Like many pundits, Klein also never precisely defines what he means by a “gold standard,” which the GOP is guilty of as well. Does he mean Federal Reserve Notes backed by gold, or does he mean a system of gold coins? If the former, with what reserve ratio? Better yet, he never asks the most important question: some of us who would like to see gold have a role in the monetary system want it to be in the context of a purely competitive banking system that does not require a central bank. Some of the other issues Klein raises in his column would be non-issues if by a “gold standard” one means closing down the monopoly of Fed and allowing banks to produce currency and deposits competitively.
Finally, and most important, Klein argues that a gold standard would prevent the Fed from acting as a lender of last resort and preventing financial collapses as it supposedly did in 2008. Putting aside whether the Fed’s actions were, in fact, necessary or how much they helped, Klein misses the bigger picture.
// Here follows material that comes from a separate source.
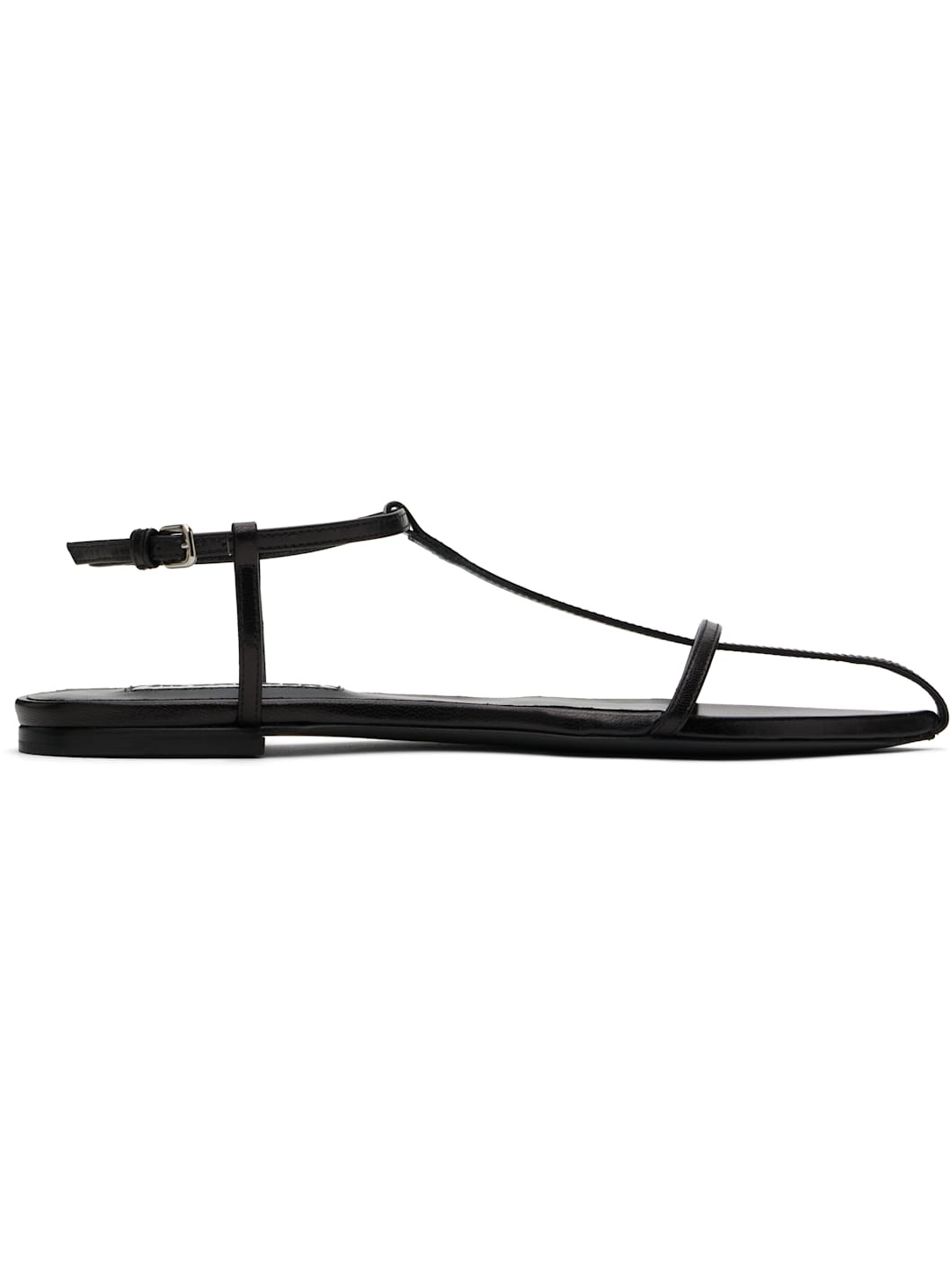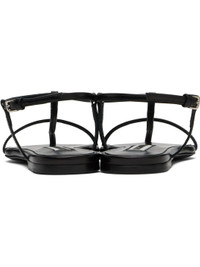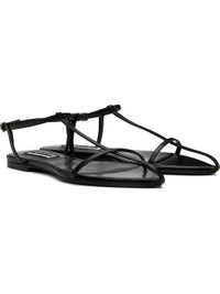 Buffed goatskin flat sandals in black. · Open pointed toe · Straps at vamp · Adjustable pin-buckle ankle strap · Logo patch at padded footbed · Stacked leather heel with rubber injection · Leather sole with rubber injection Supplier color: Black Upper: goatskin. Sole: leather, rubber. Made in Italy 251249F124003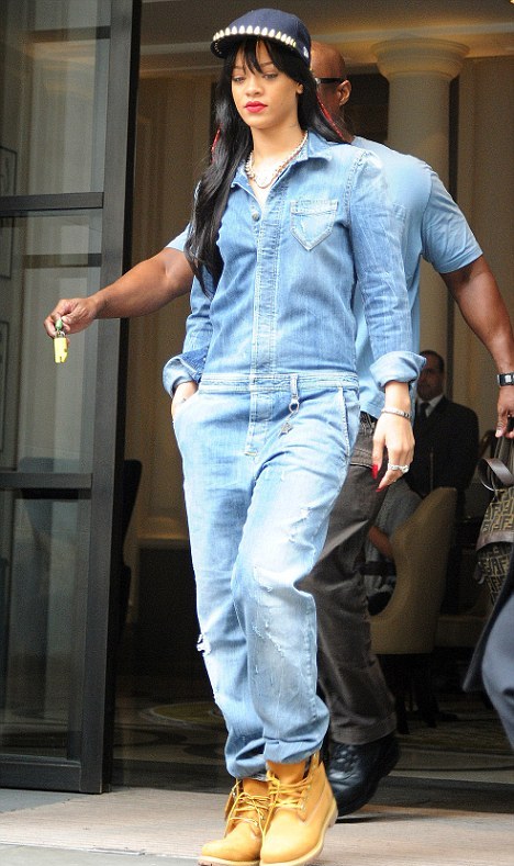 Το μαλλί της ήταν μαύρο και μακρύ, φορούσε καπέλο και μια ολόσωμη τζιν φόρμα με αρβύλες. Το συγκεριμένο outifit το επέλεξε για να πάει μία βόλτα στο Λονδίνο.

If we had a commodity-based free banking system, we would not have had the boom and bust of the 2000s in the first place. The powers that enable the Fed to create liquidity ex nihilo in a crisis are the very same powers that enabled it to drive the real Federal Funds rate below zero for two years and fuel the housing bubble, which gave us the financial crisis and recession.
Remember: the Fed is like the arsonist disguised as a firefighter who claims only he can put out the fires he started. Yeah, maybe the firefighter can’t rescue people from the building if he doesn’t have an axe to break down the door, but giving him a way to break in makes it far more likely that he’ll set fires in the first place.
Claiming that a gold standard ties the Fed’s hands is exactly the reason to favor it, not oppose it. The Fed was primarily, though not solely, responsible for getting us in this mess in the first place precisely because its hands were free to flood the market with artificially cheap credit.
The discretion of Big Players like the Fed is the problem, and the solution is not somehow hoping that next time they will use that discretion only for good and not evil. Tying Federal Reserve Notes to gold would take away some of that discretion, and eliminating the central bank completely in favor of a competitive monetary system with commodity backing of any sort would take it all away.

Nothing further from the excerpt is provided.